Depois de confirmada a vitória, Bolsonaro fez uma transmissão ao vivo pela internet. Ao lado da mulher Michelle, no discurso improvisado com duração de quatro minutos, afirmou que fará um governo "seguindo ensinamentos de Deus, ao lado da Constituição brasileira, inspirado em grandes líderes mundiais e com uma boa assessoria técnica". Criticou os adversários: "Não poderíamos mais continuar flertando com o socialismo, com o comunismo e com o populismo, e com o extremismo da esquerda".
Em seguida, em tom mais moderado, leu um discurso de dez minutos para TVs, em que citou Deus por seis vezes. "Faço de vocês minhas testemunhas de que esse governo será um defensor da Constituição, da democracia e da liberdade. Isso é uma promessa, não de um partido, não é a palavra vã de um homem, é um juramento a Deus", disse Bolsonaro. Durante a campanha, o presidente eleito afirmou em comício na Paraíba que "não tem essa historinha de Estado laico. É Estado cristão". Foi nessa ocasião que defendeu que as minorias deveriam se curvar às maiorias. Ontem, terminado o discurso, chamou o senador Magno Malta (PR-ES) para fazer uma oração, pedindo que os aliados em sua casa, na Barra da Tijuca, no Rio, se dessem as mãos. De novo ao lado da mulher, de cabeça baixa e de olhos fechados, ouviu a prece e terminou dando uma curta entrevista. Questionado se faria esforço pela união dos brasileiros, divididos numa campanha polarizada, assentiu: "Vamos pacificar o Brasil".

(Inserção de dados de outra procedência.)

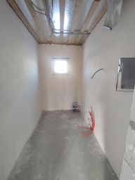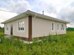 Дом с отделкой под чистовую, на полу полусухая стяжка с утеплением 50мм, стены оштукатурены.

Bolsonaro, inspirado pela Bíblia - livro de João, capítulo 8, versículo 32 - mencionou por cinco vezes a palavra "verdade". Por seis vezes, citou variações da palavra "democracia"; por três vezes de Constituição. Por 11 vezes falou em "liberdade". E nenhuma em igualdade. "Liberdade é um princípio fundamental. Liberdade de ir e vir, andar nas ruas, em todos os lugares desse país. Liberdade de empreender, liberdade política e religiosa, liberdade de informar e ter opinião, liberdade de fazer escolhas e de ser respeitado por elas", disse.
O presidente eleito recusou-se a dar uma entrevista coletiva depois da divulgação do resultado das urnas. Durante o segundo turno, não participou de debates e escolheu a dedo os jornalistas a quem concedeu entrevistas. Quase todos de emissoras de rádio e televisão. As propostas de governo passaram ao largo da campanha. O foco foram as críticas ao PT e a defesa de valores morais, como a ordem e a família.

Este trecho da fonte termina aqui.